He taught them several Sanskrit shlokas that they could recite verbatim, which gave them an edge over the other children in school. Although he was a civil engineer who topped the engineering college in his time, he loved English literature and poetry. He could recite whole stanzas by Keats, Frost, Eliot, Shakespeare, and Wordsworth, with the eloquence of a poet. My childhood and those of my children’s were enriched by these riveting inputs. Later in life, both my girls went on to major in media studies and have a passion for literature. I thank my father for kindling this excitement in them in their growing years.
I was quite a tomboy as child. I remember I used to play hockey and football with my brother’s friends, and I was really good– I used to get picked up well before many boys when the captains chose their teams. One evening, I was sent back as the boys said that only boys were allowed to play. I ran to my father and asked, “Why I am a girl? I want to play football!” My fail-safe father came to my rescue again. He dressed me in my brother’s shorts and T-shirt and tied my hair up in the form of a short turban. He then told me to go out and play. The boys had no choice but to include me in their team!
There were numerous occasions when I have taken his advice on important and inconsequential matters, without doubting his ability to guide me. The loss is slowly sinking in. I cannot go running any more to my father to sort out the cobwebs in my head. I have to evolve myself to be the father now!
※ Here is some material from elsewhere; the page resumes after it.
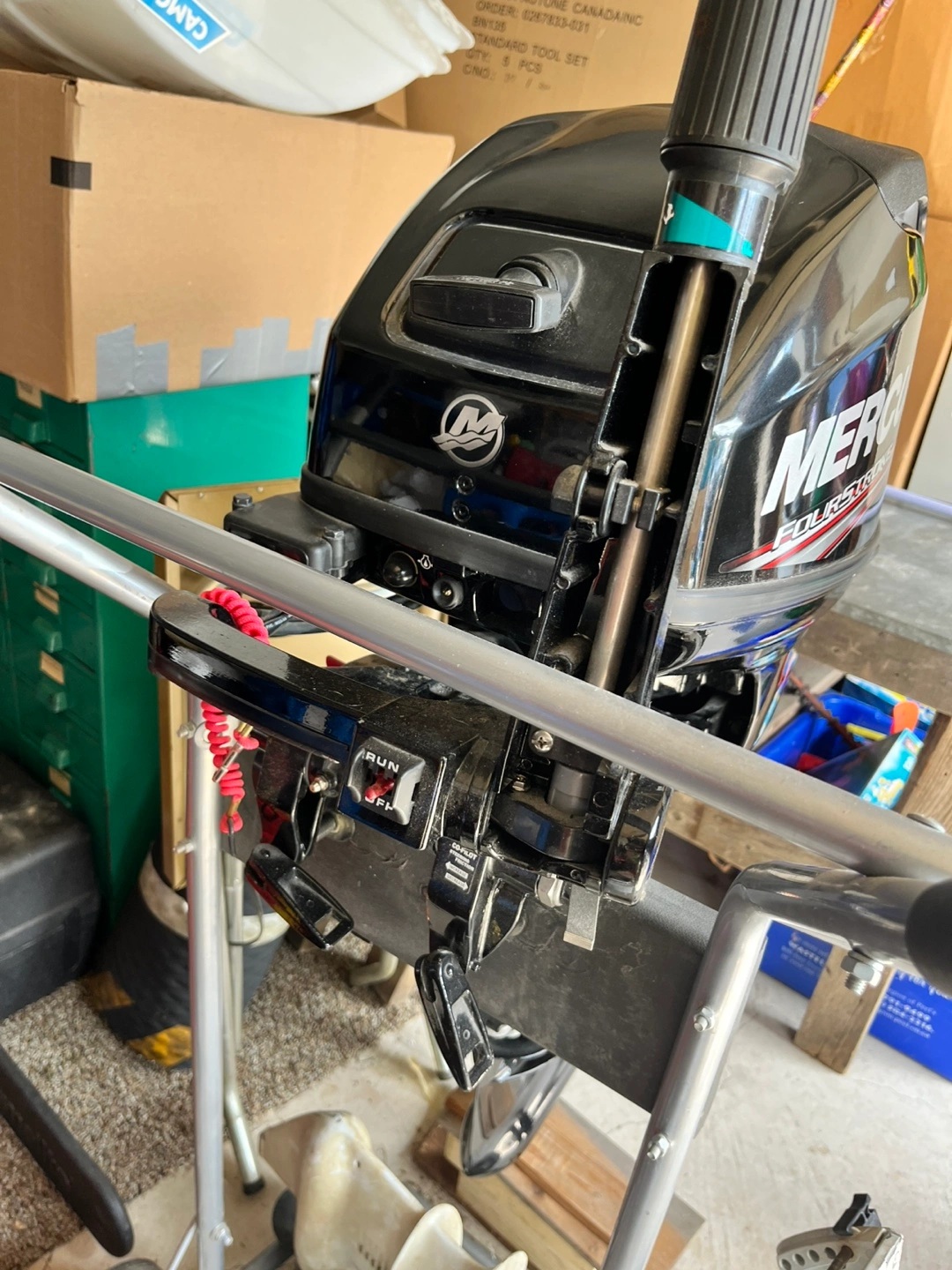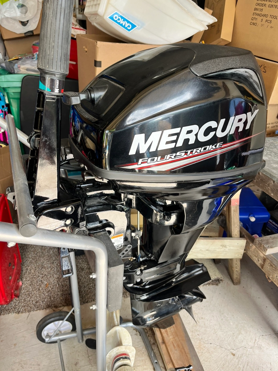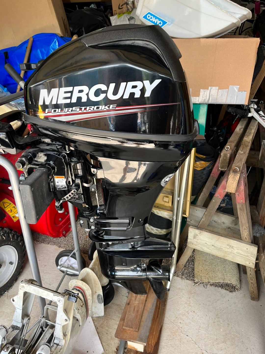 20 horsepower Mercury fourstroke outboard motor. Black in colour. good condition. Includes propeller and mounting bracket. Only saw water once

Parents are very precious. Their love is absolute, their advice is invaluable, their motives are forthright, and their backing is unswerving. Hold onto them, cherish and enjoy them as long as you can. They are not permanent in our lives. Don’t take them for granted.
We are a reflection of our parents. When they disappear and as time goes by, it is uncanny how we not only look, but think, act, and behave like them.
My father was my idol; I hope God gives me the strength to become as dependable a parent as my father was to me …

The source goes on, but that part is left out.